TASK DATA START

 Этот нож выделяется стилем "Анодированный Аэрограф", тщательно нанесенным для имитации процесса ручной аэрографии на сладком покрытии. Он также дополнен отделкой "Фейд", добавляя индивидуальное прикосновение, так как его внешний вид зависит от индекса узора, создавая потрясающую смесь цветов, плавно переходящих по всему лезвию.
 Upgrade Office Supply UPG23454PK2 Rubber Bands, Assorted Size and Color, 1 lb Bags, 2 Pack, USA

TASK DATA END
TASK DATA START

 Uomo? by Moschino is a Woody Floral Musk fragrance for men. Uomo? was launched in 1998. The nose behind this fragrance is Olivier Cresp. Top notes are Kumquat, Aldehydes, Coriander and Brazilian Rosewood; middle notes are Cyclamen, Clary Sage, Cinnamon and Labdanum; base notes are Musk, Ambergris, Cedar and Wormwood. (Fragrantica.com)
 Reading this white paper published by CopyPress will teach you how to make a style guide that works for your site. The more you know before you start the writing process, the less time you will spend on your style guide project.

TASK DATA END

Output only an exact transcription of the lines above from the one with "Этот нож выделяется" up to and including the one with "Upgrade Office Supply".

 Этот нож выделяется стилем "Анодированный Аэрограф", тщательно нанесенным для имитации процесса ручной аэрографии на сладком покрытии. Он также дополнен отделкой "Фейд", добавляя индивидуальное прикосновение, так как его внешний вид зависит от индекса узора, создавая потрясающую смесь цветов, плавно переходящих по всему лезвию.
 Upgrade Office Supply UPG23454PK2 Rubber Bands, Assorted Size and Color, 1 lb Bags, 2 Pack, USA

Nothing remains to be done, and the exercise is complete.